その事を見越してか、事態が悪化する前にホネストは、二人の間に無理矢理割り込んで指示を出した。
「はい、そこまで!! 疾風はけが人の手当を最優先!!」
その言葉に疾風はふんっと鼻息荒く振り返った。見れば、大広間では手首を押さえて蹲っている女性がいる。

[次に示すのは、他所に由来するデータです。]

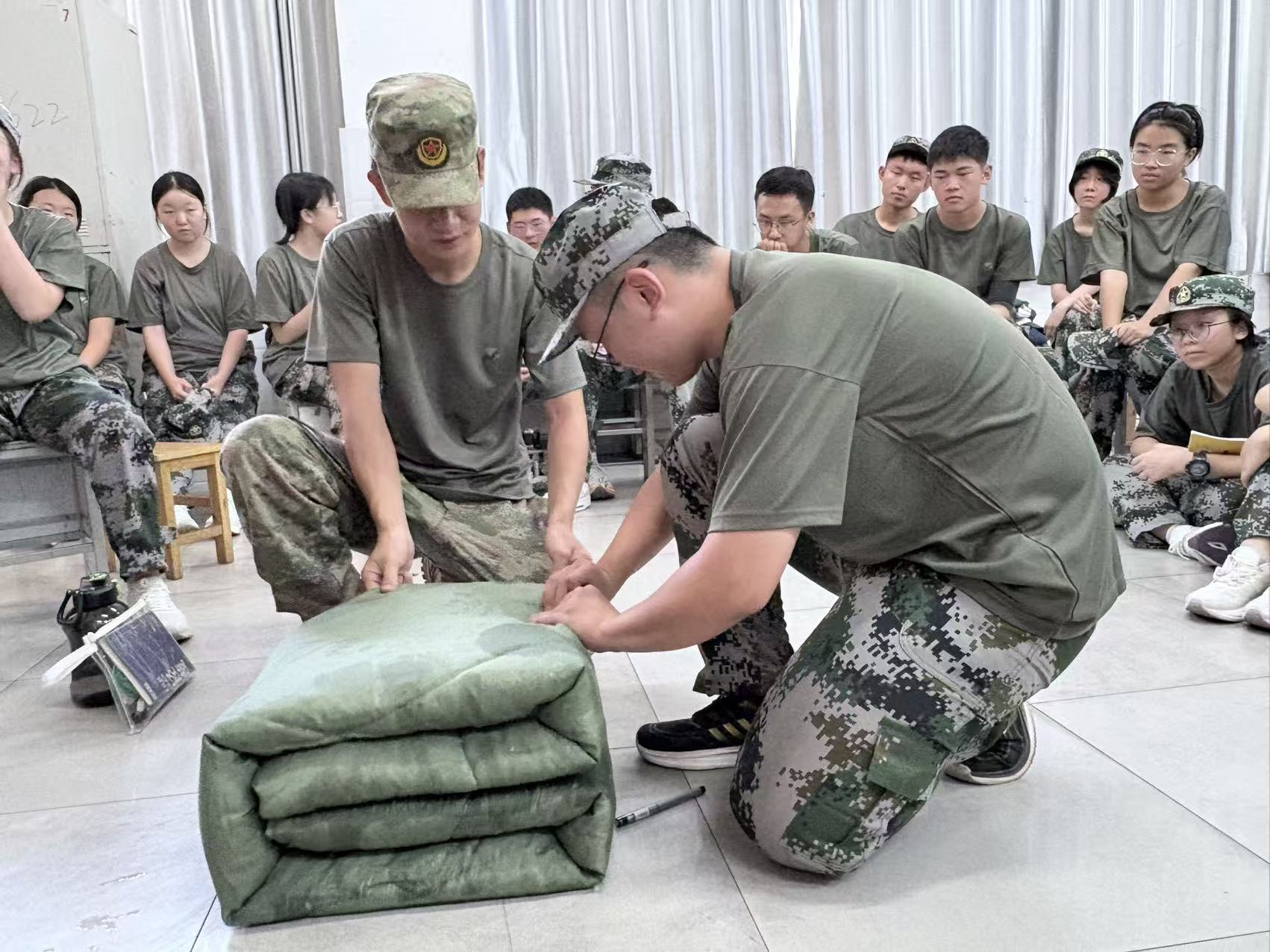 教官手把手教新生叠被子

尖った耳はエルフのようだが、ほどよく焼けた褐色の肌と男勝りな体躯、なにより大漁旗を羽織る姿は、間違いなく海の男を思い起こさせた。まさかあの人がミコトが言っていたリューゾ家の……。
「……しっかりしろ、《お触り禁止》!!」
はっ……肩を掴まれ、急激に頭の中が冷えていく。振り向けばホネストがまっすぐ僕の顔をみつめて……そうか、僕は冷静に分析していたようで現実逃避していたのか。
「とにかくウルルカはこちらで預かる……いいな?」
「え?」
僕は動揺を隠しきれずにうろたえる。正直、ここで手を離せば仲間を売ったのと同義なのではないか。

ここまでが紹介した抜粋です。